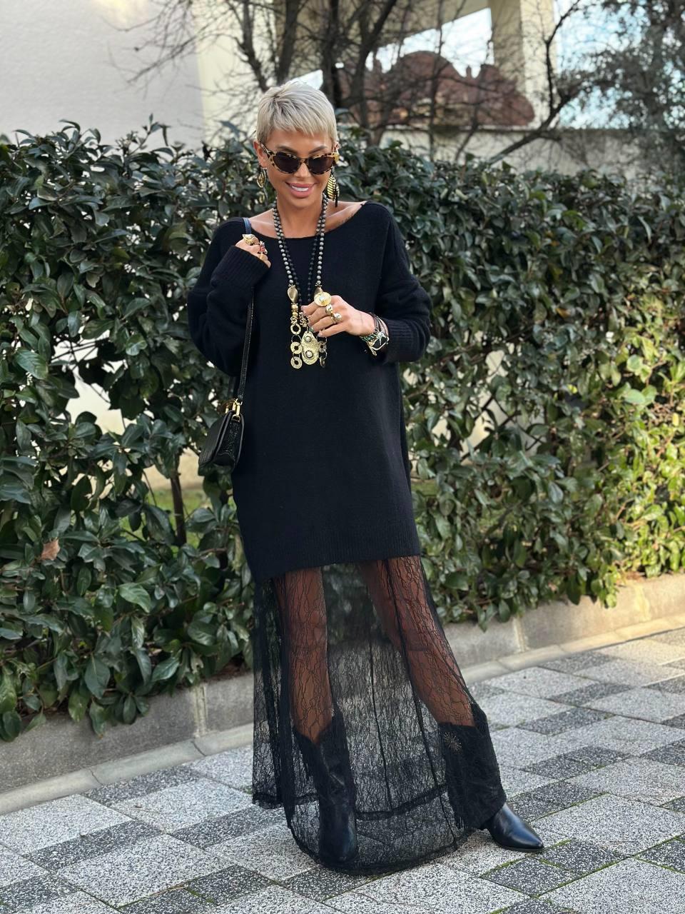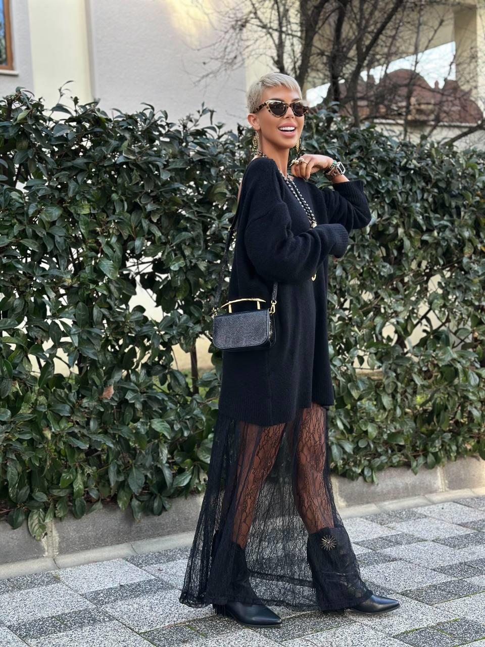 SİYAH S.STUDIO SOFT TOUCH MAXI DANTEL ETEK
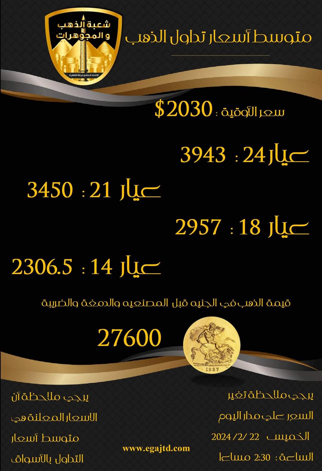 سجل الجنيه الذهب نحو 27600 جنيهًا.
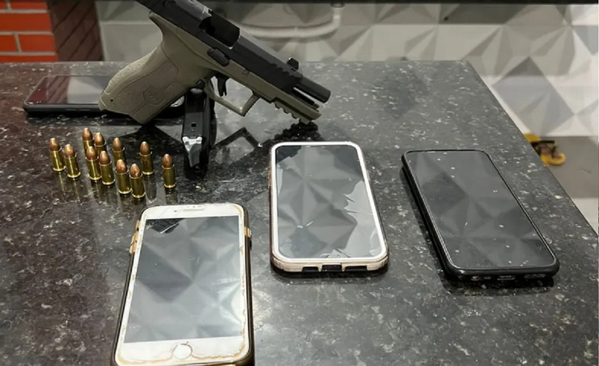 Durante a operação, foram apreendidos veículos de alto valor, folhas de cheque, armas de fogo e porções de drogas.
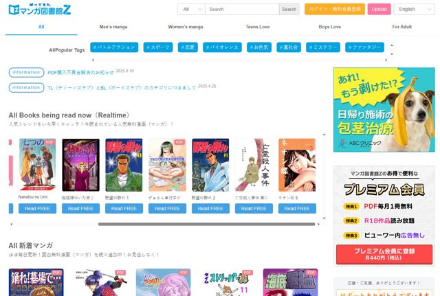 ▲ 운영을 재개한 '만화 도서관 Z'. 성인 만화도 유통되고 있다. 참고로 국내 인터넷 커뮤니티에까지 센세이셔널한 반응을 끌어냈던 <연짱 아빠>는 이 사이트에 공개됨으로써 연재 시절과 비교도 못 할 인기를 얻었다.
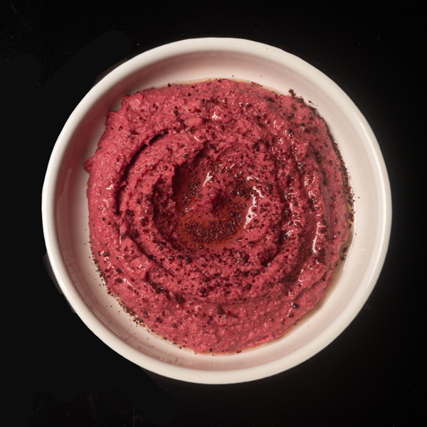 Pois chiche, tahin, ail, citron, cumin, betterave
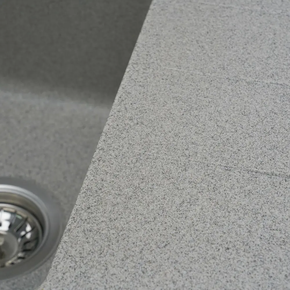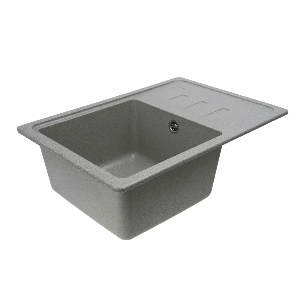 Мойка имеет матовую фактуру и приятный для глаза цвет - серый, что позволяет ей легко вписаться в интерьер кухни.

= = = = = = =

* [Exercise prompt]
Please transcribe the lines from the one containing "Durante a operação, foram" to the last line of the listing, both included, exactly and with nothing added, leaving every picture out.

* [Written solution]
 Durante a operação, foram apreendidos veículos de alto valor, folhas de cheque, armas de fogo e porções de drogas.
 ▲ 운영을 재개한 '만화 도서관 Z'. 성인 만화도 유통되고 있다. 참고로 국내 인터넷 커뮤니티에까지 센세이셔널한 반응을 끌어냈던 <연짱 아빠>는 이 사이트에 공개됨으로써 연재 시절과 비교도 못 할 인기를 얻었다.
 Pois chiche, tahin, ail, citron, cumin, betterave
 Мойка имеет матовую фактуру и приятный для глаза цвет - серый, что позволяет ей легко вписаться в интерьер кухни.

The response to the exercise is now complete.